Anda di halaman 1dari 11

BAB I

PENDAHULUAN
1.1 Latar Belakang
Kesehatan reproduksi pada era globalisasi dan modernisasi ini telah terjadi perubahan dan
kemajuan disegala aspek dalam menghadapi perkembangan lingkungan, kesehatan dan
kebersihan, dimana masyarakat khususnya wanita, dituntut untuk selalu menjaga
kebersihan fisik dan organ tubuhnya. Salah satu organ tubuh yang paling penting dan
sensitif serta memerlukan perawatan khusus adalah organ reproduksi. Perubahan perilaku
seksual mengakibatkan dua masalah besar, yaitu kehamilan yang tidak diinginkan, penyakit
hubungan seksual, dan penyakit radang panggul (Manuaba, 2010).

Masalah kesehatan reproduksi menjadi perhatian bersama dan bukan hanya individu yang
bersangkutan, demikian alat reproduksi sangat erat hubungannya dengan angka kematian
ibu (AKI) dan angka kematian bayi (AKB) salah satu penyakit sistem reproduksi wanita
sejenis kista yang paling sering ditemukan adalah kista bartholini. Kebanyakan kasus ini
terjadi pada usia 20-30 tahun dengan sekitar 1 dalam 50 wanita akan mengalami kista
bartholini atau abses, pada wanita pasca menopause dapat berkembang menjadi kanker (Jie,
2010).

Gangguan reproduksi adalah kegagalan wanita dalam manajemen kesehatan


reproduksi. Permasalahan dalam bidang kesehatan reproduksi salah satunya adalah
masalah reproduksi yang berhubungan dengan gangguan sistem reproduksi. Hal ini
mencakup infeksi, gangguan menstruasi, masalah struktur, keganasan pada alat
reproduksi wanita, infertilitas dan lain-lain (Essawibawa, 2011). Macam-macam
gangguan reproduksi seperti gangguan menstruasi yang meliputi dismenorea,
menorhagia, hipermenorea, metroraghia, pseudo amenore dan gangguan reproduksi
nyeri abdomen dan panggul yang meliputi nyeri akut, nyeri kronis, inkontinensia urine,
tumor / kanker pada endometrium dan kista bartholini (Nugroho, 2012).
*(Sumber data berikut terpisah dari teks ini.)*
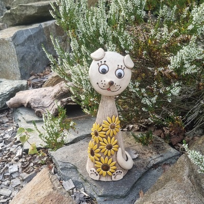 Keramický pes se slunečnicí - dekorace do zahrady - 25 cm
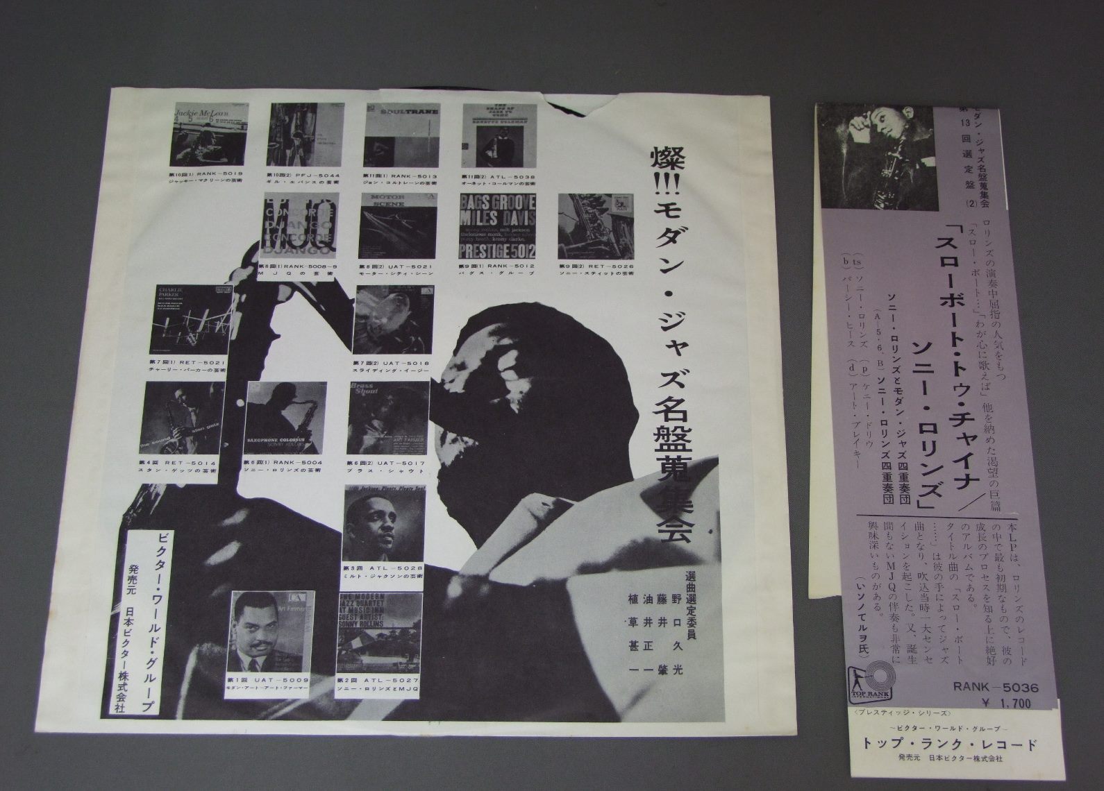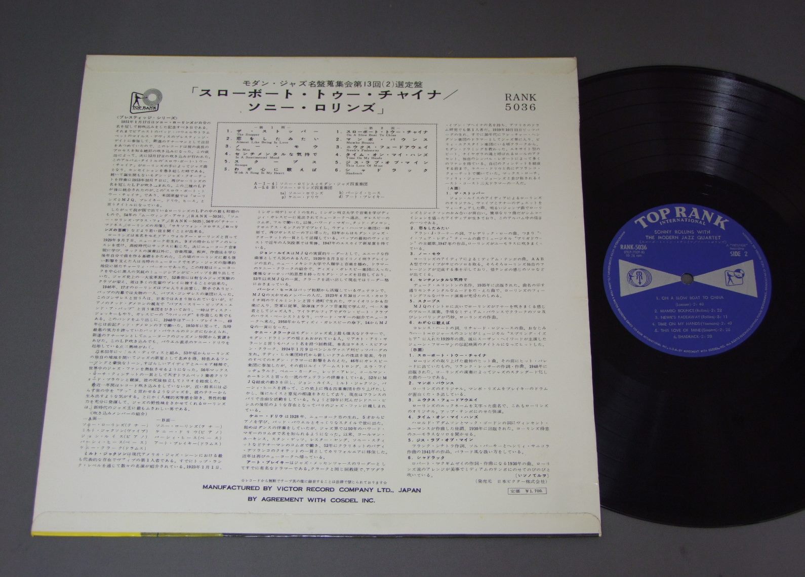 SONNY ROLLINS WITH THE MODERN JAZZ QUARTETソニー・ロリンズとモダン・ジャズ四重奏団/ON A SLOW BOAT TO CHINAスローボード・トゥ・チャイナ ペラジャケ RANK5036 製造国:日本盤 / Media:LP外観:EX盤の状態:EX 価格(税込):¥3,300(売約済) 送料 7inch:定形外郵便 360円~LP:定形外郵便 660円~送料は、注文の最終画面で確認頂けます。 > > SONNY ROLLINS WITH THE MODERN JAZZ QUARTET/ON A SLOW BOAT TO CHINA 外観 (EX)特記事項:特記なし。外観EXの共通説明:ダメージが限定的。中古品としては保存状態がよい方。シミ、ヨゴレ、スレ 少し~軽度。 盤の状態 (EX)特記事項:薄いスリキズ・スレ軽くある感じ。一見してきれいな印象です。盤EXの共通説明:盤面のスリキズが薄いものが少し~軽度 音に出そうなものは無いように見える(軽微なソフトティック音は除く)。 帯の状態 ():裏で切れ有り。 Tweet それぞれの画像をクリックすると、大きい写真が見られます こちらの商品もお勧めです 440円 MOE KOFFMAN / GOES ELECTRIC 1,210円 CLIFORD BROWN ALL STARSクリフォード・ブラウン・オール・スターズ / CARAVAN AUTUMN IN NEW YORKキャラバン 990円 MEL POWELLメル・パウエル / OUT ON A LIMBアウト・オン・ア・リム 1,210円 RAY BROWN & MILT JACKSONレイ・ブラウンとミルト・ジャクソン / BROWN & JACKSON 1,210円 THAD JONES & MEL LEWISサド・ジョーンズ&メル・ルイス・オーケストラ / POTPOURRIポプーリ 1,210円 JAMES MOODYジェームス・ムーディ / EMARCY JAMES MOODY - THE COMPLETE MOODY STORYコンプリート・ジェームス・ムーディ・オン・エマーシー 990円 MODERN JAZZ QUARTETモダン・ジャズ・カルテット / TOGETHER AGAINトゥゲザー・アゲイン 660円 EDDIE CONDONエディ・コンドン / CONDON A LA CARTEコンドン・ア・ラ・カルト

Kista adalah tumor jinak di organ reproduksi perempuan yang paling sering ditemui.
Bentuknya kistik, berisi cairan kental, dan ada pula yang berbentuk anggur. Kista juga
ada yang berisi udara, cairan, nanah, ataupun bahan-bahan lainnya. Kista termasuk
tumor jinak yang terbungkus selaput semacam jaringan. Kumpulan sel-sel tumor itu
terpisah dengan jaringan normal di sekitarnya dan tidak dapat menyebar ke bagian
tubuh lain. Itulah sebabnya tumor jinak relatif mudah diangkat dengan jalan
pembedahan, dan tidak membahayakan kesehatan penderitanya (Marmi, 2011). Pasien
dengan kista bartholini membutuhkan pertolongan medis yang tepat, jika tidak segera
ditangani akan mengakibatkan infeksi dan kematian (Prawirohardjo, 2011)

1.2 Tujuan
1.2.1 Tujuan Umum
Mahasiswa mampu menjelaskan asuhan kebidanan pada pasien dengan kista bartholini
sesuai dengan manajemen Varney, dan mendokumentasikan asuhan yang diberikan dalam
bentuk SOAP.
1.2.2 Tujuan Khusus
1. Mampu melakukan pengkajian data subjektif dan data objektif pada kista bartholini
2. Mampu mengidentifikasi diagnosa dan masalah aktual pada kista bartholini
3. Mampu mengidentifikasi diagnosa potensial dan masalah potensial yang mungkin
muncul pada kista bartholini
4. Mampu mengidentifikasi kebutuhan tindakan segera pada kista bartholini
5. Mampu mengembangkan rencana tindakan asuhan kebidanan secara menyeluruh pada
kista bartholini
6. Mampu melaksanakan rencana tindakan asuhan kebidanan yang menyeluruh sesuai
rencana asuhan pada kista bartholini
7. Mampu melakukan evaluasi terhadap asuhan yang diberikan pada kista bartholini
1.3 Manfaat
1.3.1 Manfaat Bagi Rumah Sakit
Rumah Sakit mendapat bantuan tenaga kesehatan untuk melayani pasiennya
1.3.2 Manfaat Bagi Instuisi Pendidikan
Mempererat hubungan kerja sama dengan Rumah Sakit.
1.3.3 Manfaat Bagi Pasien
Mahasiswa mampu mengaplikasikan teori yang telah dipelajari kepada pasien dan mampu
memberikan asuhan kebidanan secara komprehensif
BAB 2
TINJAUAN PUSTAKA
2.1 Konsep Dasar Kista Bartholini
2.1.1 Pengertian
Kista bartolini merupakan benjolan berbentuk kantong yang mengandung cairan.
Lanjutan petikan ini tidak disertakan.